Как бы сильно мы с мамой ни любили друг друга, она бы не захотела иметь со мной ничего общего, если б я не показал себя достойным отцом, если б не полюбил и тебя. По причинам, которых мы никогда уже не узнаем, она не желала говорить, кто твой биологический отец, ни тебе не сказала, ни мне, ни кому-либо другому, но она прекрасно понимала, что в твоей жизни необходим взрослый мужчина, необходим отец, мужчина, который мог стать для тебя живым примером. И я очень благодарен, Давид, что имел возможность стать таким, я этому рад и дерзну сказать, мама тоже была рада. В глазах у нее появлялось мечтательное выражение, когда она видела, как мы трудимся сообща – красим морилкой дом, складываем поленницу, проверяем твои уроки.

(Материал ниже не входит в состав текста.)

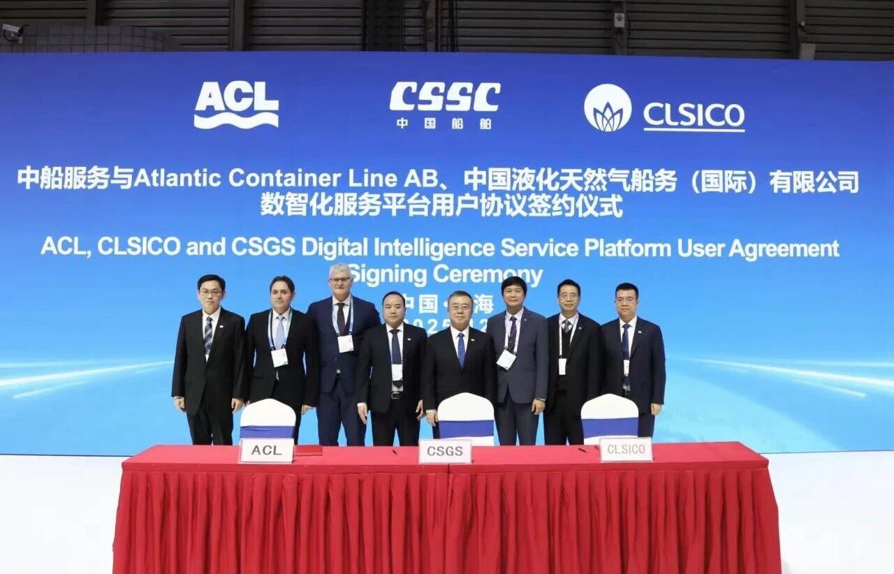 中国液化天然气船务(国际)有限公司(CLSICO)与意大利Grimaldi集团旗下Atlantic Container Line(ACL)作为中船服务的长协服务签约客户,与中船服务正式签订数智化服务平台用户协议,标志着CSGS品牌首批标杆客户成功落地。这一合作不仅体现了客户对中船集团整船服务能力的信任,也为CSGS全球服务品牌的推广树立了典范。
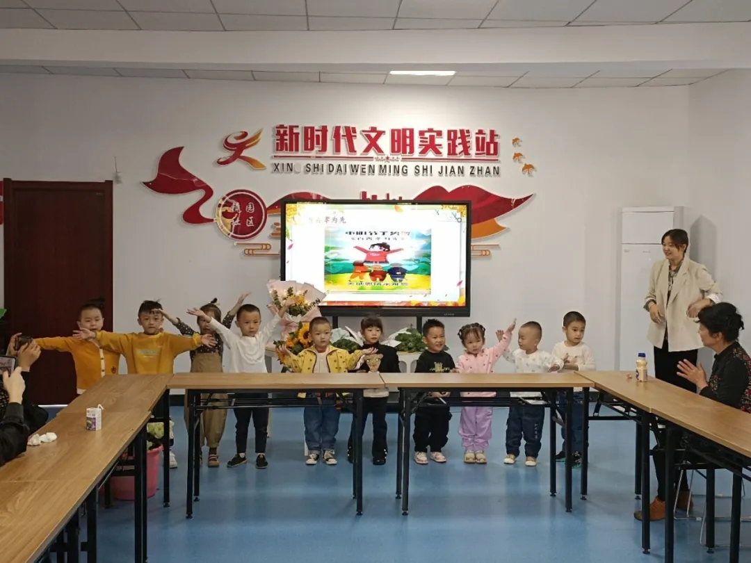 在老师的带领下,孩子们纷纷上台表演重阳手指舞,表达自己对爷爷奶奶的爱。
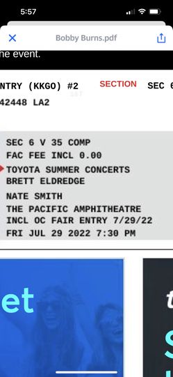 Bret Eldridge Tickets (2)$0Ramona, CA
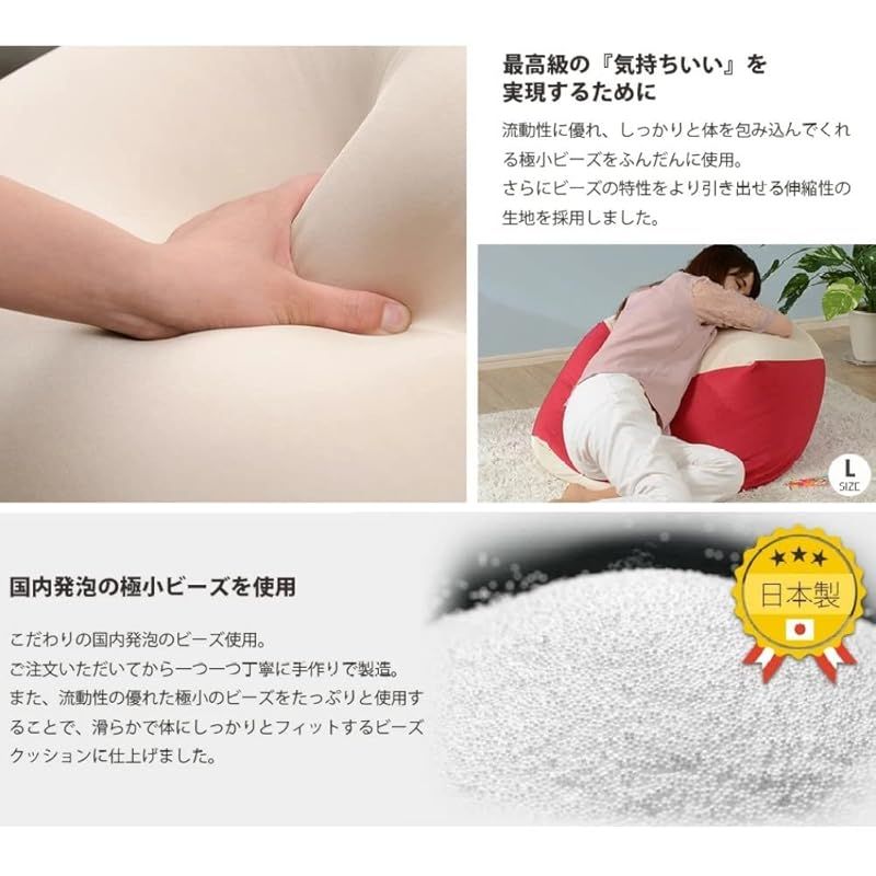 材質:【中材】発泡ポリスチレンビーズ【側生地】収縮する生地: スパンデックス ポリウレタン弾性繊維 ポリエステル 88% ポリウレタン 12% 、収縮しない生地 ポリエステル100%

Иной раз она стояла поодаль и просто смотрела на нас, а сама вся светилась. Никогда не забуду, как однажды она, не выдержав наплыва чувств, расплакалась от радости. Помню, мы ездили тогда на день рождения к моему старому другу-миссионеру на Йоа и спешили, чтобы не опоздать на паром. Стояло лето, жара, воздух дрожал над узкой гравийной дорогой, змеившейся сквозь ландшафт, и порой доносился резкий, короткий стук камня, вылетевшего из-под колес и угодившего в крыло или в днище машины.
Ой, смотрите – малина! – вдруг сказал ты, протянул тонкую загорелую руку вперед, между мною и Берит, и показал на кусты, справа от машины. Может, остановимся и наберем немножко? Нет, Давид, у нас сейчас нет времени, сказала мама. Ну, чуть-чуть!! – упрашивал ты. Пожа-а-алуйста! Нет, Давид, надо успеть на паром, ты же знаешь! Но я все-таки съехал на обочину и остановился, конечно же остановился. Берит повернулась, посмотрела на меня с удивлением, а я слегка наклонил голову набок и постарался изобразить обезоруживающую улыбку: Мы вполне можем немного пособирать, верно? У нее на лице проступила слабая усмешка, но она быстро поджала губы и состроила вроде как обиженную мину. Видимо, у нас всегда плохо со временем, только когда чего-то хочется мне! – сказала она, тряхнув головой. Я положил локоть на спинку сиденья, полуобернулся, посмотрел на тебя и подмигнул: Ты послушай ее! Надулась, потому что мы ушли, не дождавшись мороженого! Мама сердито фыркнула. Разве не так? – сказал я и лукаво улыбнулся тебе. Так! – засмеялся ты. Мама обернулась к тебе, секунду серьезно сверлила тебя взглядом, потом отвернулась и покачала головой: То-то и оно, вы оба против меня. Небось были бы рады от меня отделаться. Я глянул на тебя, чуточку сморщил нос, помолчал. Потом сказал, тоже покачав головой: Нет. Без мамы мы бы вконец растерялись, верно, Давид? Ага, улыбнулся ты. И Берит тотчас забыла свою притворную обиду, обернулась к тебе, погладила по щеке: Я бы тоже вконец растерялась без вас обоих! Она наклонилась ко мне, поцеловала в щеку. Фу! – сказал ты, открыл дверцу и вылез из машины. Мы с мамой засмеялись и, сидя в машине, смотрели, как ты пробираешься сквозь густой, чуть запыленный малинник, подступавший вплотную к дороге.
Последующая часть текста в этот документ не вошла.